About this exercise: Find the line below with "On October 13, 2019, Typhoon" and the line with "Naslovnica satiričnega tednika". Output exactly those lines and everything between them, leaving out the pictures.

Data for the task:
────────────────────────────────────────

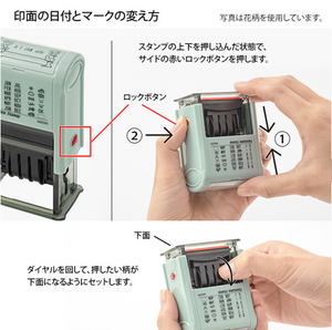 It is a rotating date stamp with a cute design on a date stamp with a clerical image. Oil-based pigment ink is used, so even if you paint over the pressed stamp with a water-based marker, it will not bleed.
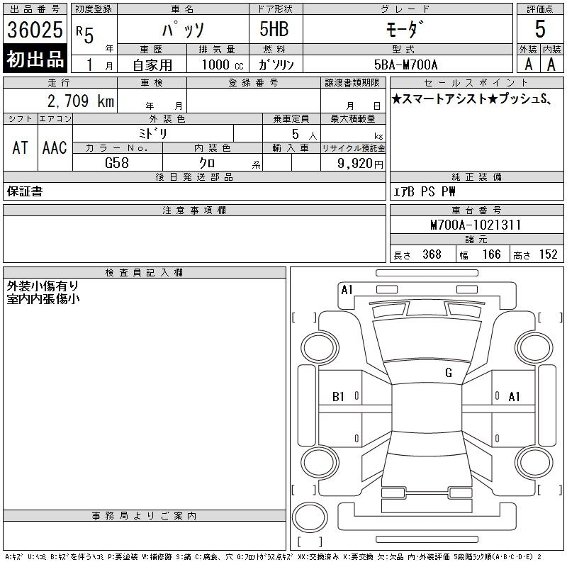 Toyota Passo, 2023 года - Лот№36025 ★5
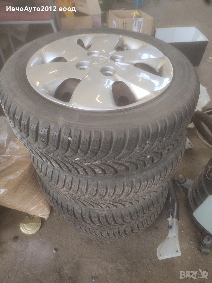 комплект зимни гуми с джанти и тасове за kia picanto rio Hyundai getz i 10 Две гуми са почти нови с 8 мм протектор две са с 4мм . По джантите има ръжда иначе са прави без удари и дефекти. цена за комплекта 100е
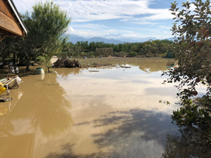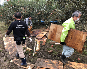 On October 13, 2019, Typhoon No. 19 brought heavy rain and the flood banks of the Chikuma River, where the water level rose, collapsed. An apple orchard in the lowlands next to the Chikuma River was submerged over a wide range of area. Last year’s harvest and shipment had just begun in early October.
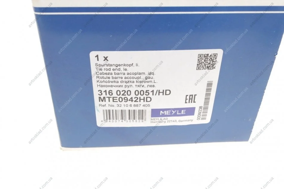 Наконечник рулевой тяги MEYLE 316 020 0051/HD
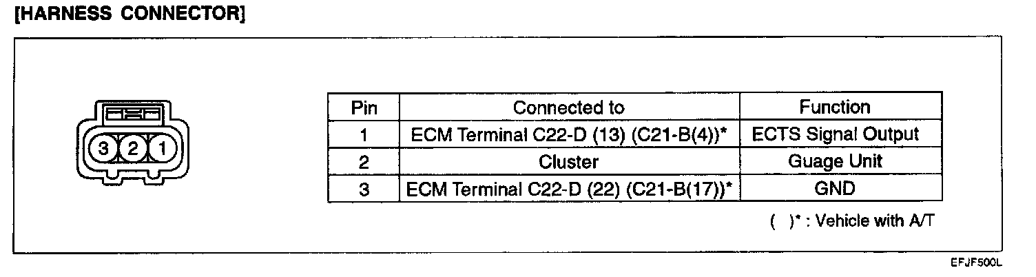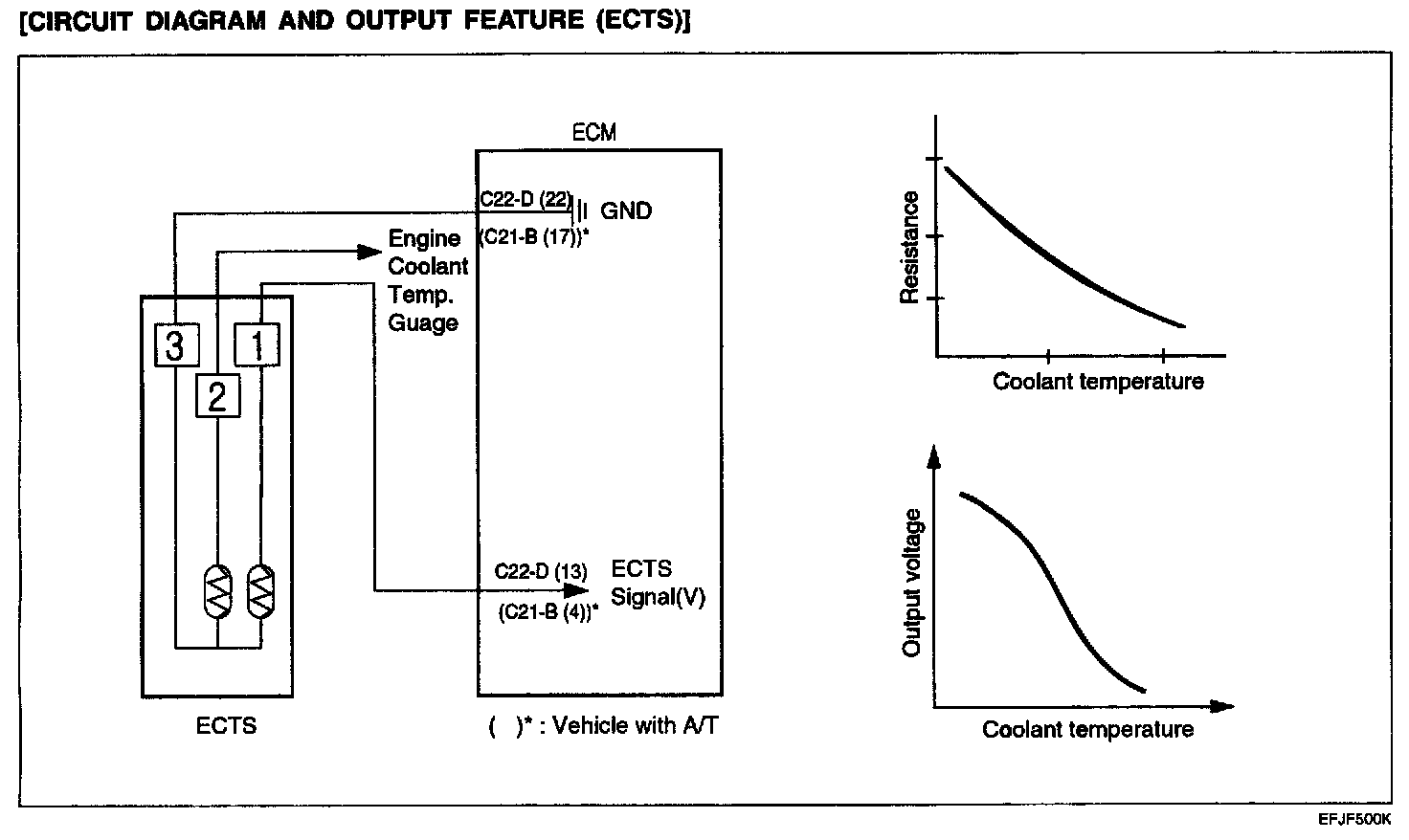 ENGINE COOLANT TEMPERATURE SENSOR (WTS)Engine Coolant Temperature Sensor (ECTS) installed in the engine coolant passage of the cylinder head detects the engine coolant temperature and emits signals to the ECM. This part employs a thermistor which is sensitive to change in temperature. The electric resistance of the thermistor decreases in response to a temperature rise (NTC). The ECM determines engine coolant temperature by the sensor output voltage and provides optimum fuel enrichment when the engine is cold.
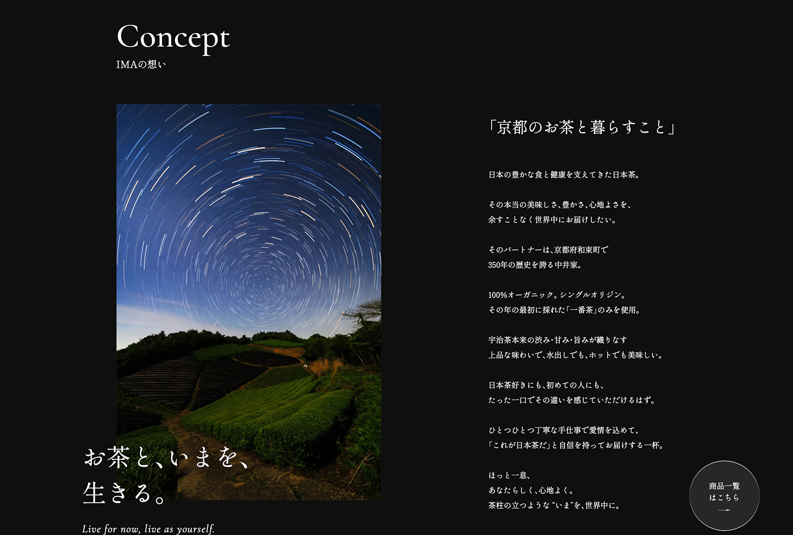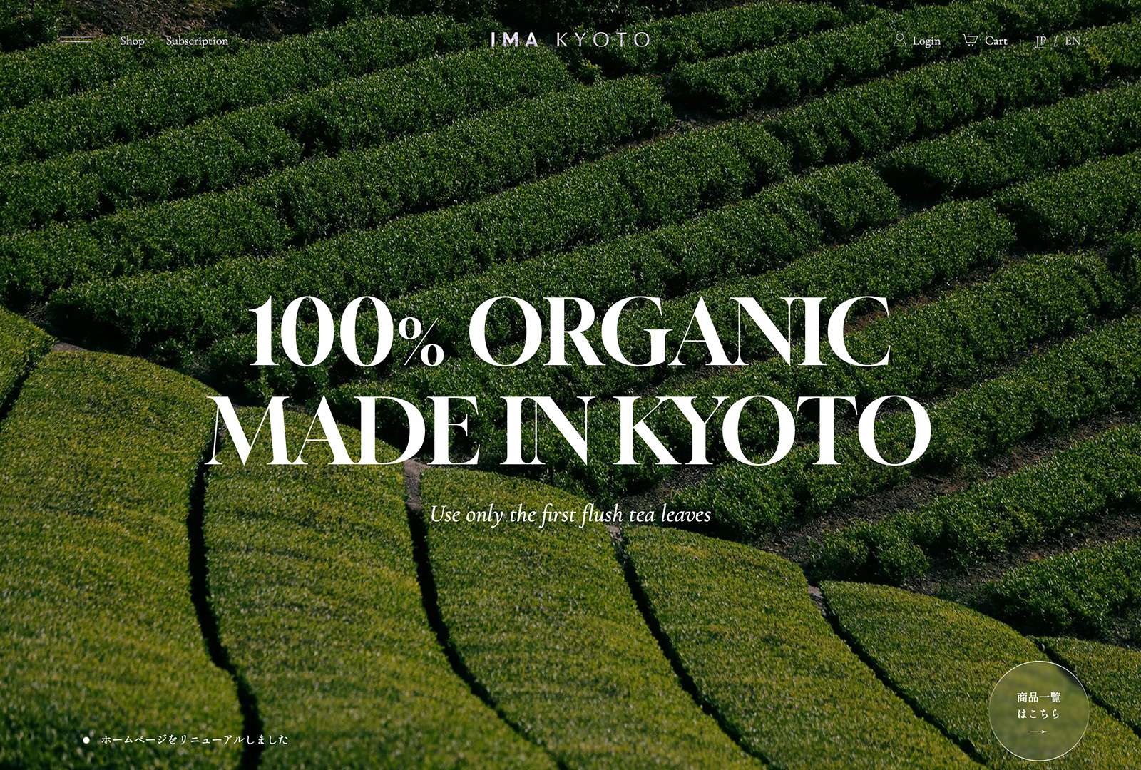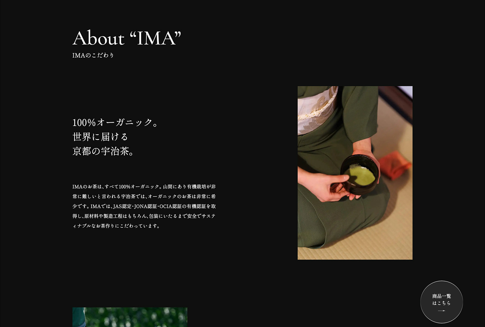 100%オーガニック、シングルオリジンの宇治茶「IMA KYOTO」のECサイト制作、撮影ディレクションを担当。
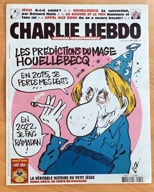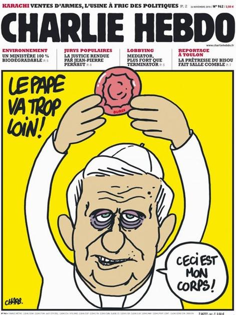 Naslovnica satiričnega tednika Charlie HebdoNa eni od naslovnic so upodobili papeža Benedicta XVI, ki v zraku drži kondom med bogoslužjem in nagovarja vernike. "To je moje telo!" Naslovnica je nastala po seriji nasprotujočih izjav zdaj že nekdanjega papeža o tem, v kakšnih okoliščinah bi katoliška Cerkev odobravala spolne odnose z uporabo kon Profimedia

────────────────────────────────────────

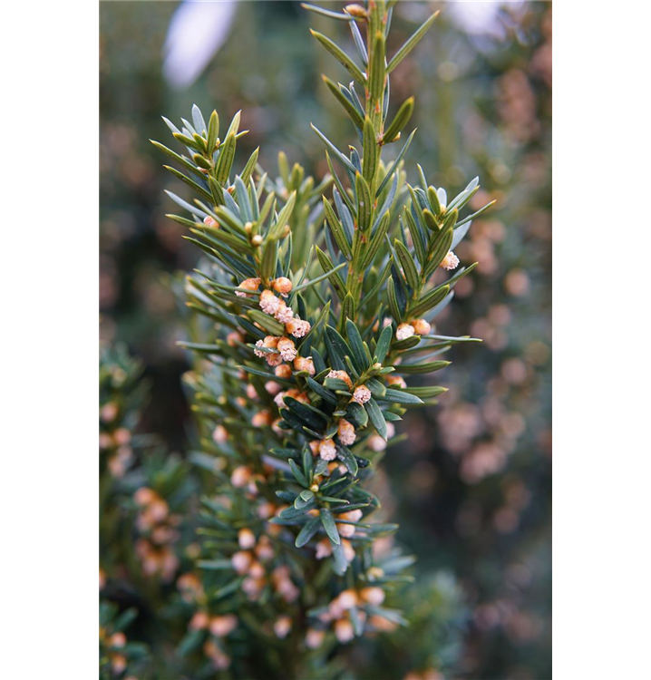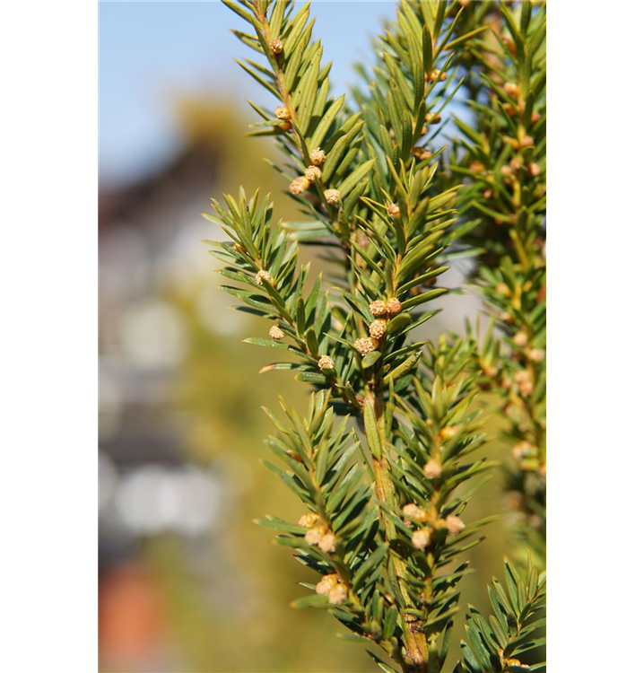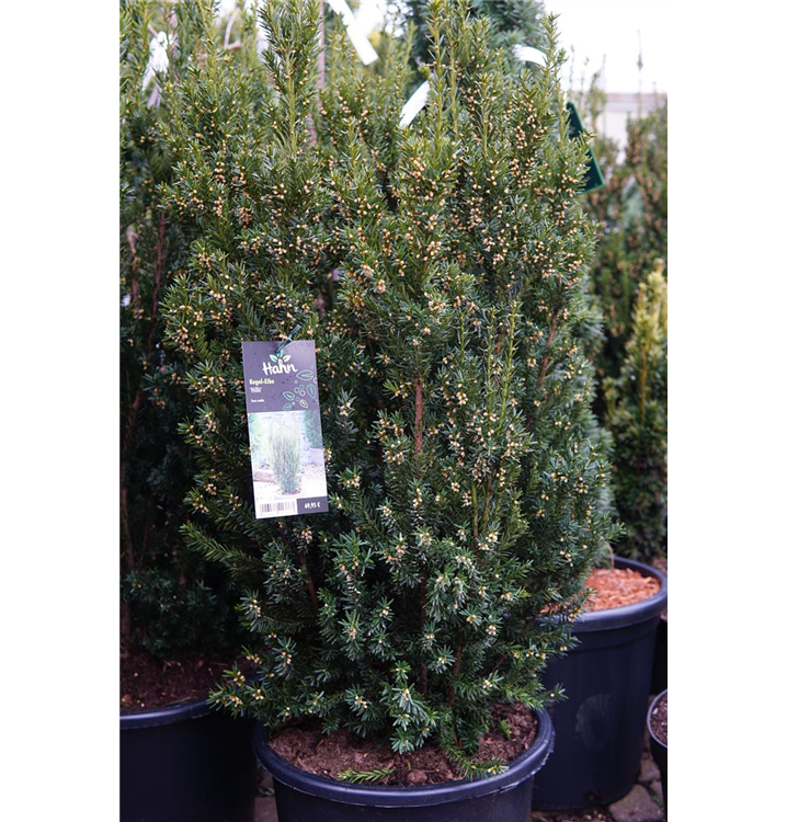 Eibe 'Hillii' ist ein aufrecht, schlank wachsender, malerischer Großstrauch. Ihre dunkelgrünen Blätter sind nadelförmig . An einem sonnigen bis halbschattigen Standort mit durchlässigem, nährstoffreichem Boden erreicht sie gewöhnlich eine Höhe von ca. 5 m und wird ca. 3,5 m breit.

────────────────────────────────────────

Answer below:
 On October 13, 2019, Typhoon No. 19 brought heavy rain and the flood banks of the Chikuma River, where the water level rose, collapsed. An apple orchard in the lowlands next to the Chikuma River was submerged over a wide range of area. Last year’s harvest and shipment had just begun in early October.
 Наконечник рулевой тяги MEYLE 316 020 0051/HD
 ENGINE COOLANT TEMPERATURE SENSOR (WTS)Engine Coolant Temperature Sensor (ECTS) installed in the engine coolant passage of the cylinder head detects the engine coolant temperature and emits signals to the ECM. This part employs a thermistor which is sensitive to change in temperature. The electric resistance of the thermistor decreases in response to a temperature rise (NTC). The ECM determines engine coolant temperature by the sensor output voltage and provides optimum fuel enrichment when the engine is cold.
 100%オーガニック、シングルオリジンの宇治茶「IMA KYOTO」のECサイト制作、撮影ディレクションを担当。
 Naslovnica satiričnega tednika Charlie HebdoNa eni od naslovnic so upodobili papeža Benedicta XVI, ki v zraku drži kondom med bogoslužjem in nagovarja vernike. "To je moje telo!" Naslovnica je nastala po seriji nasprotujočih izjav zdaj že nekdanjega papeža o tem, v kakšnih okoliščinah bi katoliška Cerkev odobravala spolne odnose z uporabo kon Profimedia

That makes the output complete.